Because it allows for a much more succint and useful comparison.
Using C makes the definition such that it says
f grows at roughly (asymptotically) the same speed as g (or slower)
Without the C, we'd lose the "roughly (asymptotically)" part. Without the C, we couldn't just say f = O(n^2), we'd have to say something like f = O(1.7 n^2) (unless the factor happened to be 1, of course). That's not particularly useful.
Big O is generally used to talk about algorithm classes, and about ratios. f = O(n^2) says: "When you scale n twice, the computation scales 4 times." This would still be true for O(4 n^2) or O(1.7 n^2) or even O(0.01 n^2).

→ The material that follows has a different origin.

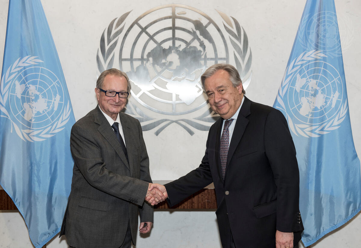 Secretary-General António Guterres (right) meets Judge Carmel Agius, President of the International Criminal Tribunal for the former Yugoslavia.

The entire point of the Big O notation is to express asymptotic complexity—what trends there are when n gets large. We don't care whether it takes 4-times as much or half-as much at the same n; we care how it scales when n scales, and such scaling is invariant to a multiplicative constant.
Not to mention the fact that fixing the exact constant would be really difficult in specific cases. It's generally easy to show that e.g. an algorithm performs roughly n operations for each bit of input, and so has n^2 complexity. But it would be quite painful to analyse whether it performs 3 n operations for n / 2 input elements and 2 n operations for the other n / 2 elements, or something else.